Records to process

....................

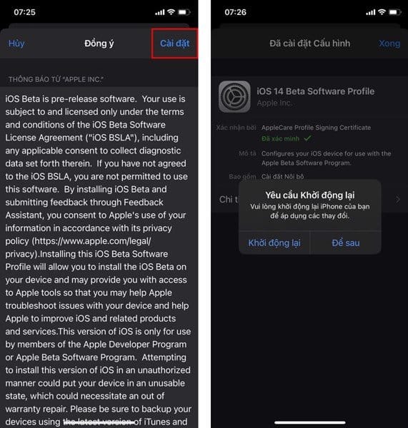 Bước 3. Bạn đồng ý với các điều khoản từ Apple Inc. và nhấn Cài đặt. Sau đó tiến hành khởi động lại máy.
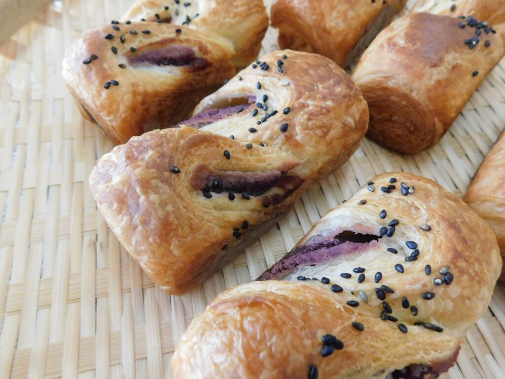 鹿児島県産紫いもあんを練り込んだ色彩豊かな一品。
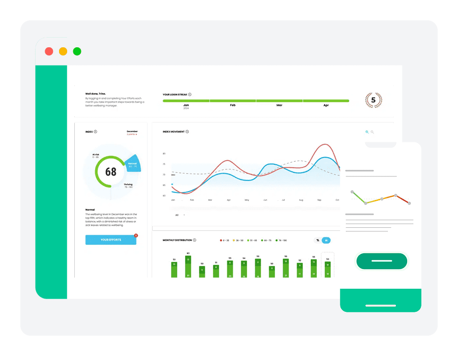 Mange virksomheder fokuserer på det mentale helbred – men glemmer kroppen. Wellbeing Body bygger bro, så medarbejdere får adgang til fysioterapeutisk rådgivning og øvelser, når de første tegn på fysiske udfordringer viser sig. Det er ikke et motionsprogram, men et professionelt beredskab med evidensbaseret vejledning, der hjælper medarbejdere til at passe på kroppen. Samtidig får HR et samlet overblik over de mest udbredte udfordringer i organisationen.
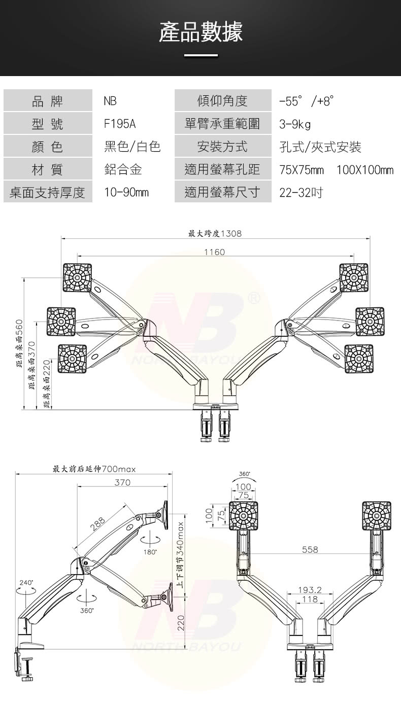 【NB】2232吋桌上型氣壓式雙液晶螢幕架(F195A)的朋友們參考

....................

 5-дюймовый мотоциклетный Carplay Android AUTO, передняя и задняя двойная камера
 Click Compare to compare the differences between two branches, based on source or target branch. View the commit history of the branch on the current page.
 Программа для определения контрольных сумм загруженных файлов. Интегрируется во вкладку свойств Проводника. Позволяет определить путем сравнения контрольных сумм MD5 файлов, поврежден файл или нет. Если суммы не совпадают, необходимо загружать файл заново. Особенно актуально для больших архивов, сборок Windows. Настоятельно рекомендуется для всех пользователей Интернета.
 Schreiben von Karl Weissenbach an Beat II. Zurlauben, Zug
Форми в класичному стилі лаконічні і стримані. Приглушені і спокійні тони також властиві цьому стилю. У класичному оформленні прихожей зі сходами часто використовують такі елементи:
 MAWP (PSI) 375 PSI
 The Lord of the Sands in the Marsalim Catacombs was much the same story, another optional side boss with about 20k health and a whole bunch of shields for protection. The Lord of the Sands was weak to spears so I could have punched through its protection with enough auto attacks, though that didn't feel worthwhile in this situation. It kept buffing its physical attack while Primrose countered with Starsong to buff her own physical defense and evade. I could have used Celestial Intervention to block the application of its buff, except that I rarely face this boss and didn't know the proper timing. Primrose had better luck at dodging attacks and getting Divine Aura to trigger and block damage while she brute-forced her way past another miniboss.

....................

Brief
Look above for the line with "5-дюймовый мотоциклетный Carplay" and the line with "Click Compare to"; transcribe both and all lines in between, exactly, and nothing else.

Result of the task
 5-дюймовый мотоциклетный Carplay Android AUTO, передняя и задняя двойная камера
 Click Compare to compare the differences between two branches, based on source or target branch. View the commit history of the branch on the current page.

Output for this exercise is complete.